There was a time when such proposals would have been dismissed outright. Today, they reflect viable avenues for academic research and biotech ventures. As AI stands poised to transform every aspect of society, many wonder what it means for human health and biology. From May 26 to May 30, scientists, students, and innovators from across the worlds of biology, tech, and medicine came together to explore these questions during the 90th Cold Spring Harbor Laboratory (CSHL) Symposium on Quantitative Biology.
They presented unpublished research. They exchanged ideas, forging collaborations from new connections across academia and industry.

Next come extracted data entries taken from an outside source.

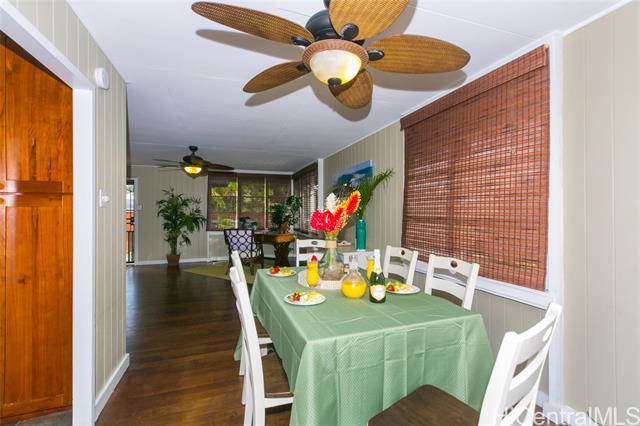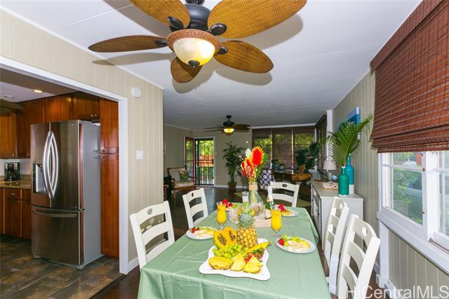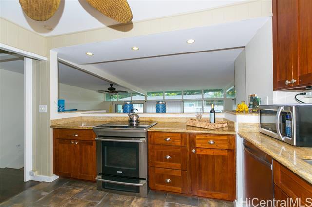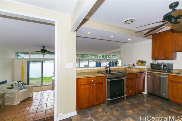 Utilities (water, hot water, trash, sewer, electric, wifi, landscaping, exterior pest treatment) are $600 in addition to rent. Home is close to Kailua Beach and Kailua Town-shopping & restaurants. 3 bedrooms, 2 bathrooms, private yard BEDROOMS AND BATHROOMS 3 bedrooms and 2 full bathrooms. The master suite has a Queen bed, Full bath and 2 closets. Bedroom 2 has a full bed. Bedroom 3 has 2 twin XL beds. KITCHEN The fully stocked gourmet kitchen has everything you could possibly need from wine glasses to pots, pans & rice cooker. The kitchen opens into the dining area & large family room beyond which you can step into a private yard. It has been tastily renovated with a fully equipped kitchen, classic Hawaii charm and island decor. To make working and learning remotely from paradise more efficient, fiber optic Wi-Fi is available.
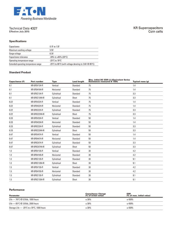 Bussmann KR-5R5V H C 104 224 334 471 105 155 超級電容
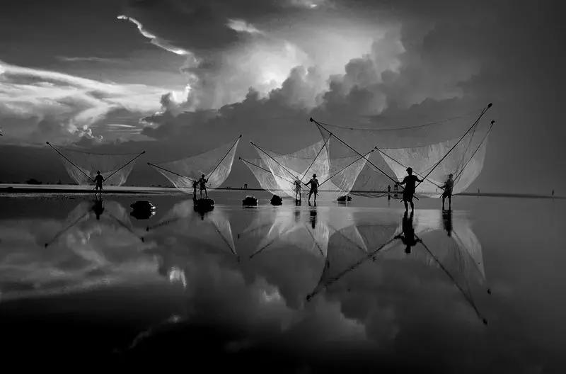 這張照片的關(guān)鍵是什么呢?就是他的倒影還還有她的影調(diào),因為彩色的這些照片看的太多了,所以這張照片做成黑白的話,通過凸顯這個網(wǎng)的那些光與倒影構(gòu)成的影調(diào)還不錯。
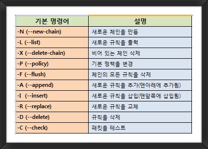 (기본 Chain은 영구적이며 삭제가 불가능하다. 이외에 -N 옵션으로 지정하는 사용자 정의 Chain이 있다.)
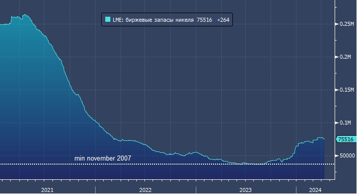 Биржевые запасы никеля в Лондоне.
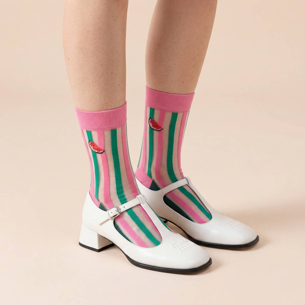 Watermelon Stripes Combed Cotton Sheer Pop Socks In Pink
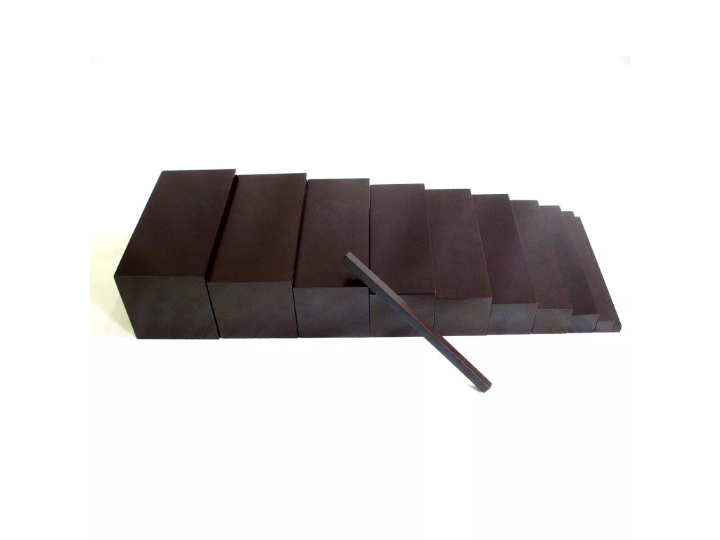 Senzorični Montessori pripomoček vsebuje deset rjavih prizem iz trdega lesa. Prizme imajo enako dolžino 20 cm, razlikujejo se po širini in višini (najmanjša 1×1×20 cm, največja 10×10×20 cm). Pripomoček razvija vizualno in mišično zaznavanje dimenzije ter pripravlja otroka na poznejše matematične pojme.
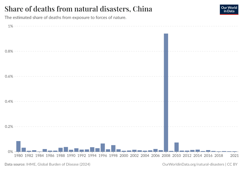 “Data Page: Share of deaths from natural disasters”, part of the following publication: Esteban Ortiz-Ospina and Max Roser (2016) - “Global Health”. Data adapted from IHME, Global Burden of Disease. Retrieved from https://archive.ourworldindata.org/20250909-093708/grapher/share-deaths-from-natural-disasters.html [online resource] (archived on September 9, 2025).
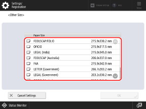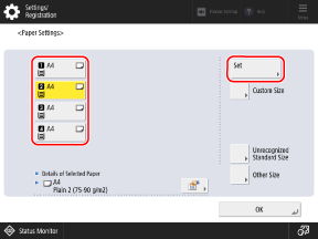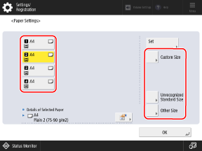 If paper of a size that is not detected automatically is loaded, press [Unrecognized Standard Size] to select the size of the loaded paper.
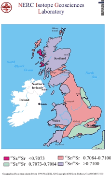 The strontium isotope composition of tooth enamel can provide information about where an individual spent their child hood. Strontium isotopes provide a fingerprint for different rock types and, as the distribution of rocks is well mapped in Britain and around the world, the geology provides the key to geographic location.
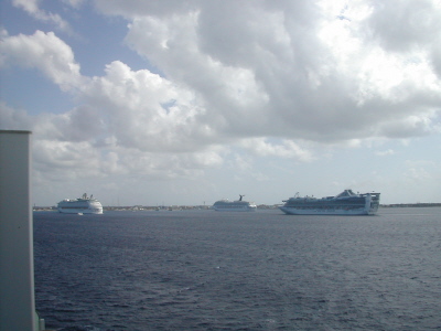 We were in port with two other ships this day, Explorer of the Seas, and Carnival Glory.
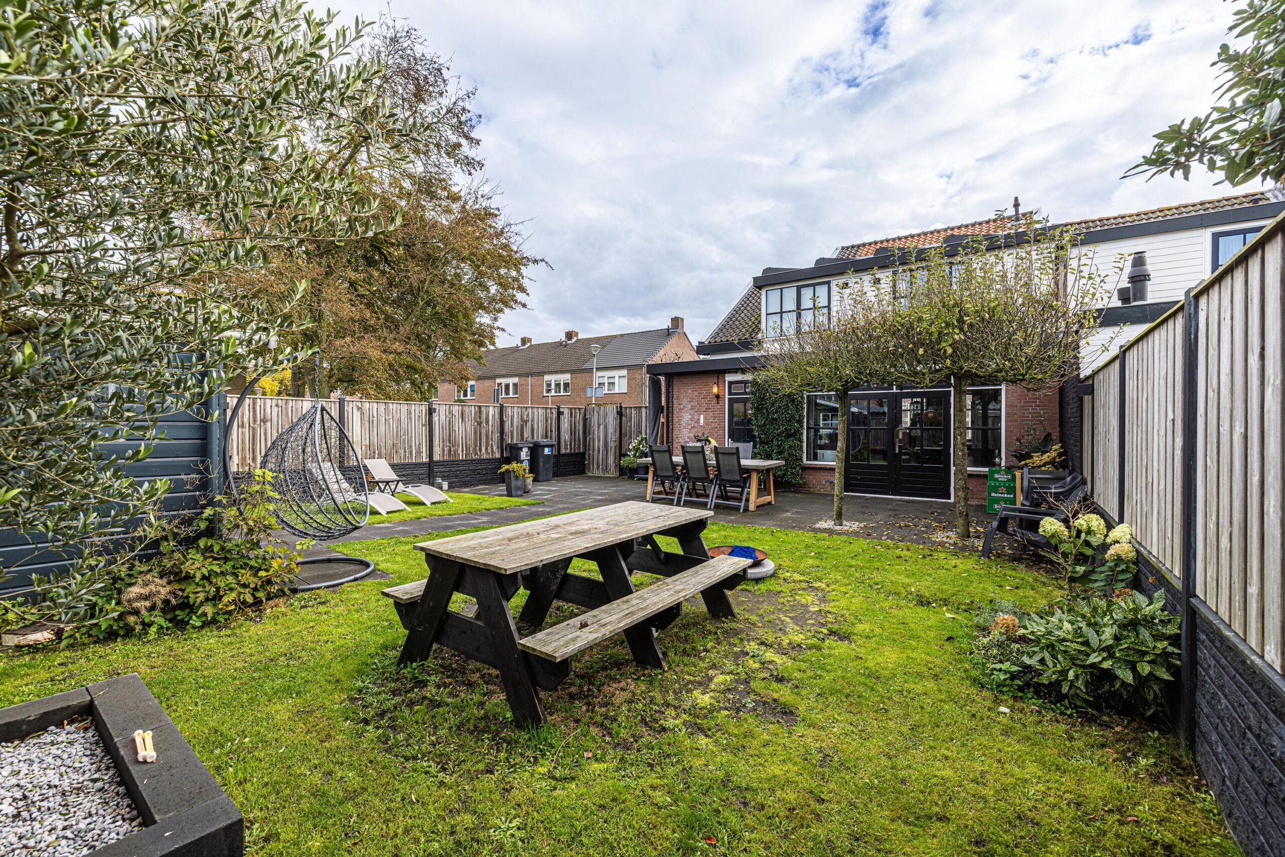 De diepe achtertuin (ca. 12 m x 12 m) is een waar buitenparadijs: fraai aangelegd met sierbestrating, terrassen, gazon en borders met vaste beplanting. Dankzij de ideale ligging geniet u hier de hele dag van de zon. De royale afmetingen bieden ruimte voor een groot opzetzwembad (vanaf ca. 5 meter) of een trampoline — perfect voor zomerse dagen. De tuin is volledig omgeven door houten schuttingen en biedt daardoor veel privacy.
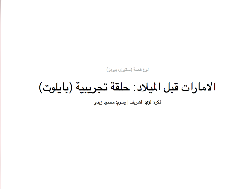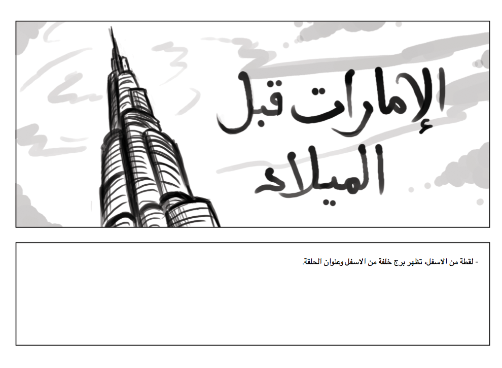 A storyboard booklet pdf, for a UAE historical documentary.
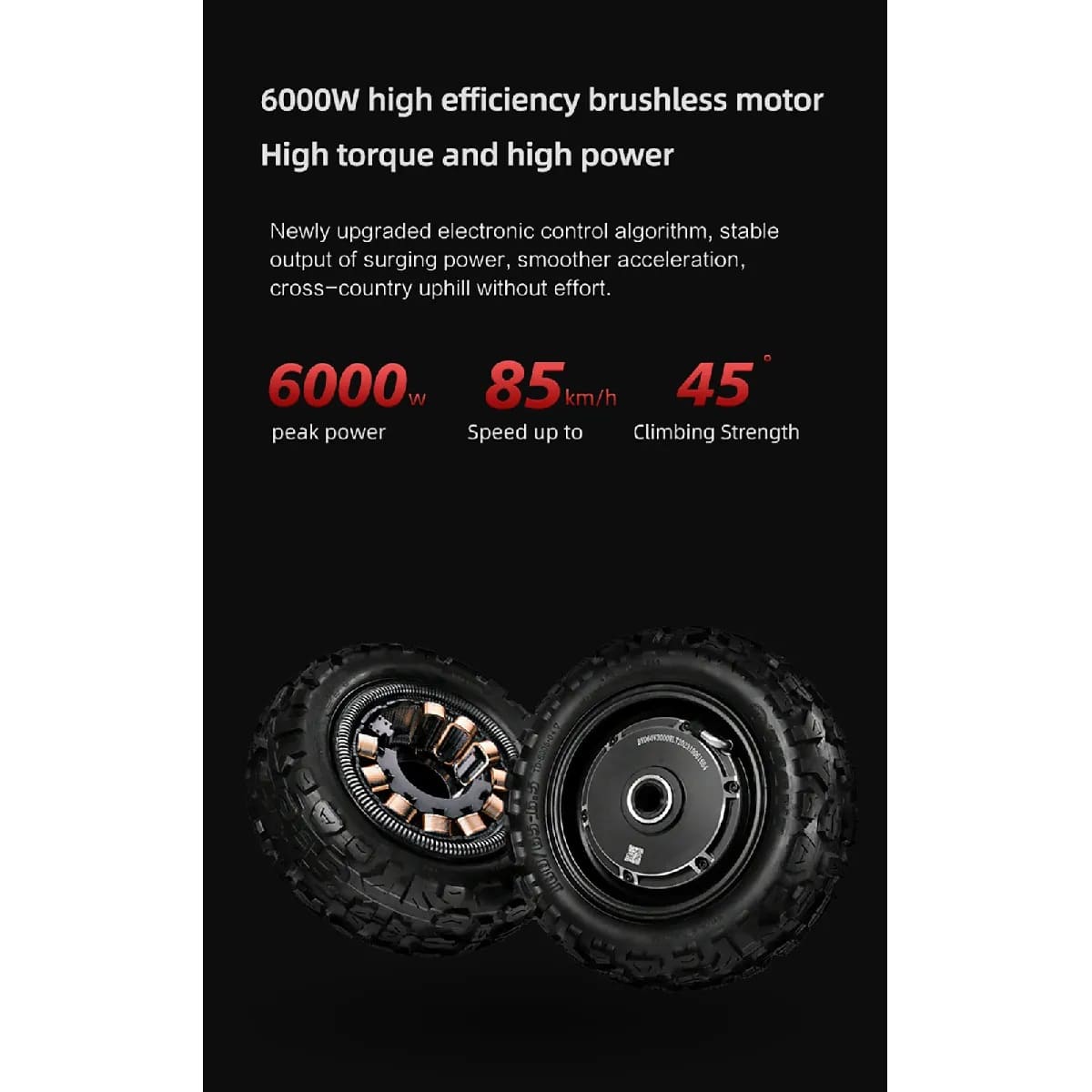 Puissance élevée avec double moteur de 6000 W offrant une vitesse maximale de 85 km/h.
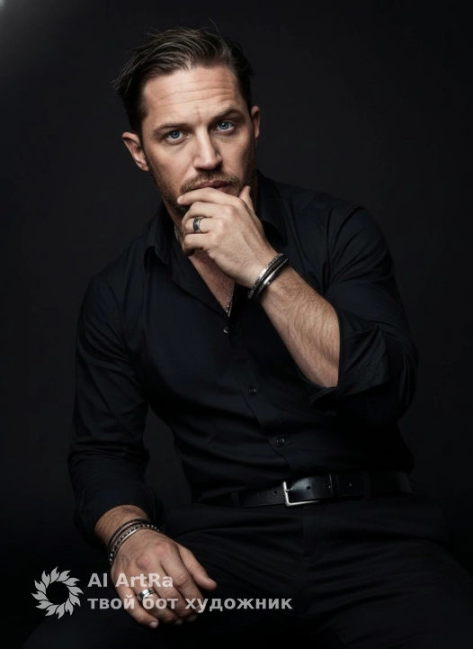 His attire includes a black, long-sleeved button-down shirt, black pants, and a black belt. The lighting is soft yet dramatic, with subtle accents highlighting the facial features and creating subtle shadows that define the contours of the jaw. Highly detailed, photorealistic, shot on an 85mm portrait lens.
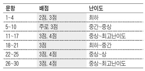 수리영역의 출제문항의 배열에는 다음과 같은 대략적인 규칙이 있다. 규칙을 잘 활용하면 수리영역 시험 100분에 대한 전략을 세우는데 도움이 될 것이다.
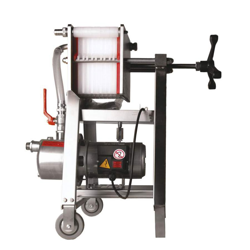 This filtration system involves the use of filter layers “cartons” which are interposed between the plates with frames made of stainless steel. New and very favourably priced handy table top model of the beverage filter with handle and drip tray. Pump without bypass, can also be used separately. Suitable for filtering food liquids such as wine, beer, juice, etc. Not suitable for double filtration. With standard NBR seal for liquids up to 60°C.
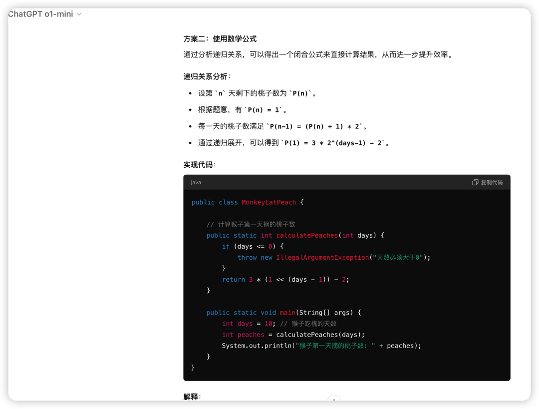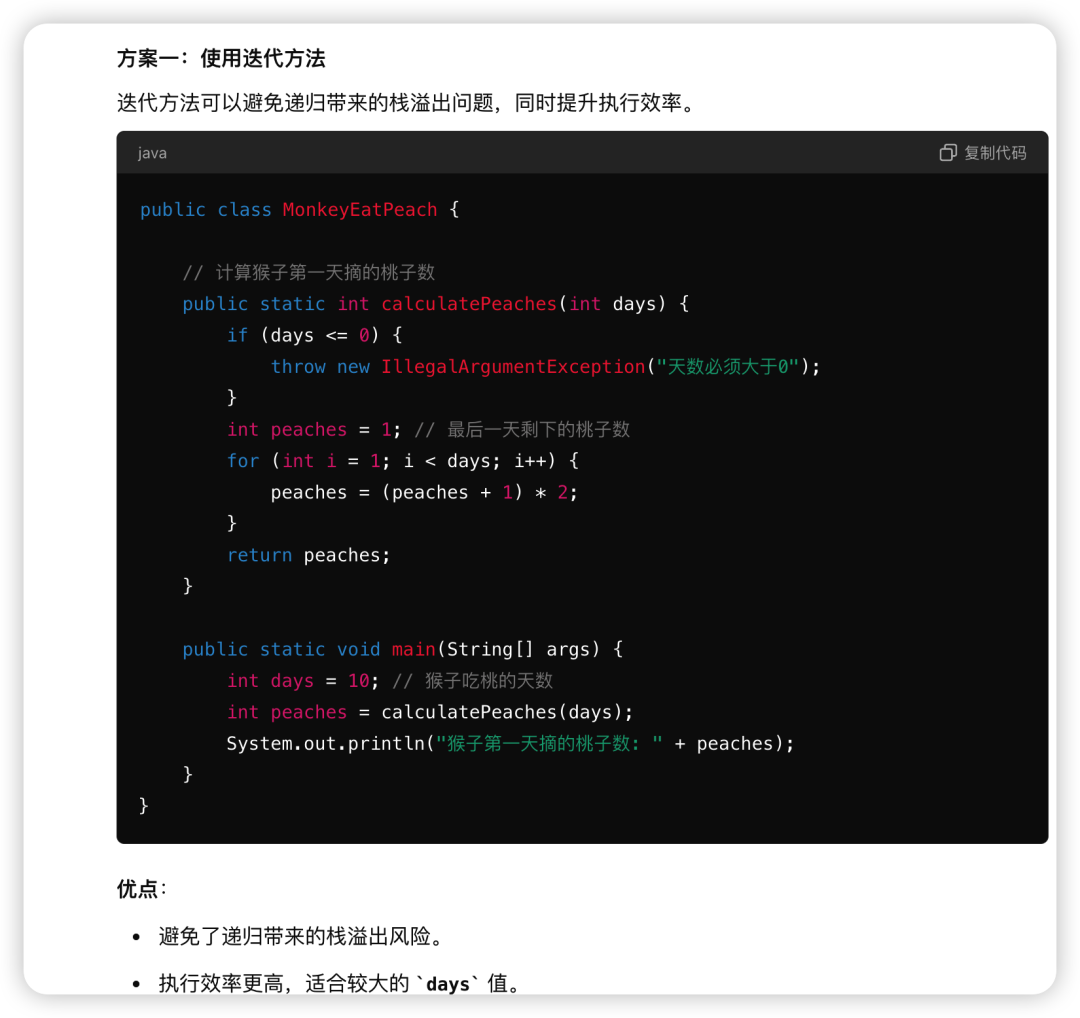 递归深度:该方法使用递归来计算第一天的桃子数,递归深度为days,在days较大时可能导致栈溢出或性能问题。
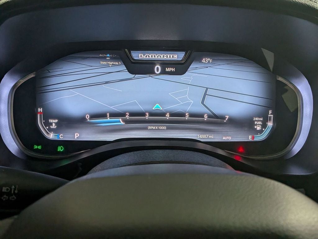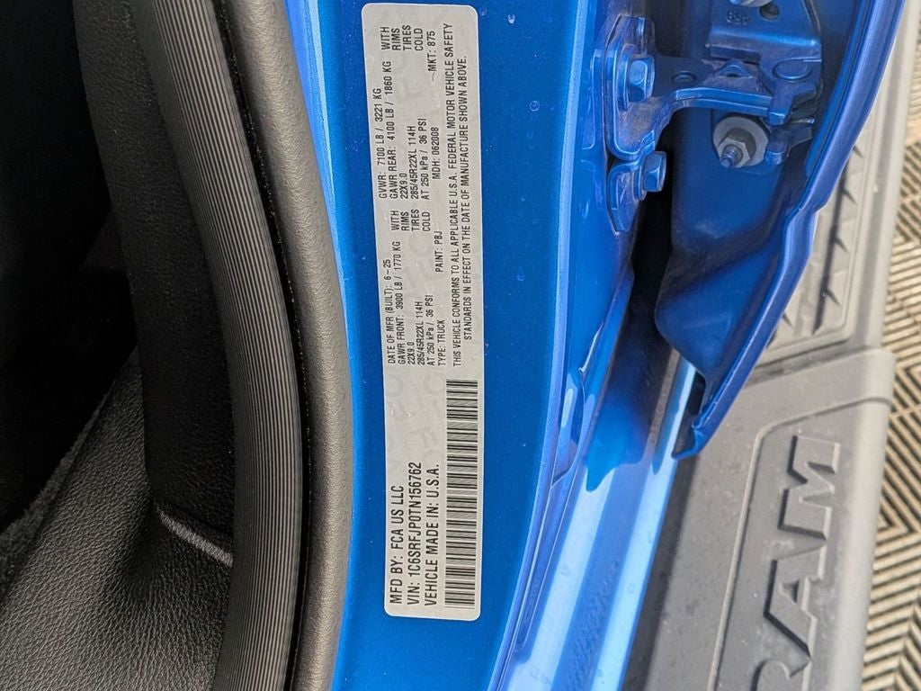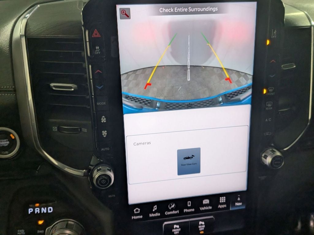 Class IV Receiver-Hitch, Handsfree Phone and Audio, Parksense Front and Rear Park Assist, Remote Start System, Active Lane–Management System, Full–Speed Forward–Collision Warning Plus, Blind–Spot and Cross–Path Detection, Advanced Brake–Assist, Adaptive Cruise Control with Stop and Go, Pedestrian Emergency Braking, Power Tailgate, Front Passenger Interactive Display, 1500 Laramie, 4D Crew Cab, 3.0L I6, 8-Speed Automatic, 4WD, Hydro Blue Pearlcoat, Black Leather, 14.4 Touchscreen Display, 3.55 Rear Axle Ratio, 4G LTE Wi-Fi Hot Spot, Active Noise Control System, Adjustable pedals, Anti-Spin Differential Rear Axle, Apple CarPlay/Android Auto, Auto High-beam Headlights, Auto Power-Folding Mirrors, Auto-Dimming Exterior Driver Mirror, Auto-dimming Rear-View mirror, Automatic temperature control, Brake assist, Cluster 12 TFT Color Display, Connected Travel and Traffic Services, Convex Wide-Angle Exterior Mirror Insert, Dual Exhaust with Black Tips, Dual front impact airbags, Dual front side impact airbags, Dual-Pane Panoramic Sunroof, Exterior Mirrors Approach Lamps, Exterior Mirrors Courtesy Lamps, Exterior Mirrors with Memory, Front dual zone A/C, Front fog lights, Front Passenger Interactive Display, Fully automatic headlights, Garage door transmitter, GPS Navigation, Harman/Kardon 19 Speaker Premium Sound, Heated front seats, Heated rear seats, Heated steering wheel, Illuminated entry, Integrated Voice Command with Bluetooth®, Laramie Level 2 Equipment Group, Leather Trimmed Bucket Seats, Low tire pressure warning, Memory seat, Mopar Black Tubular Side Steps, MOPAR Front and Rear Rubber Floor Mats, Night Edition, Occupant sensing airbag, Overhead airbag, ParkView Rear Back-Up Camera, Pedal memory, Power driver seat, Power passenger seat, Power Tailgate, Proximity Approach/Departure Lamps, Rain Sensitive Windshield Wipers, Remote keyless entry, SiriusXM Radio Service, SiriusXM with 360L, Speed control, Sport Performance Hood, Steering wheel mounted audio controls, Telescoping steering wheel, Tilt steering wheel, Ventilated front seats, Wheels: 22 x 9 Forged Aluminum.

Most of all, they shared inspiration, creating the same kind of infectious excitement that surrounded history-making CSHL Symposia on recombinant DNA and the human genome.
With this year’s topic being AI in Biology, the timing couldn’t have been better. On day three, news broke that AI company Anthropic had been valued at $965 billion. It was the highest ever private valuation for an AI firm, beating the previous record by more than $400 billion and in about half the time. As it happened, Anthropic Head of Life Sciences Partnerships Jonah Cool was in attendance at CSHL. The next day, he’d present a talk on “Frontier AI as a thinking partner for biological discovery.”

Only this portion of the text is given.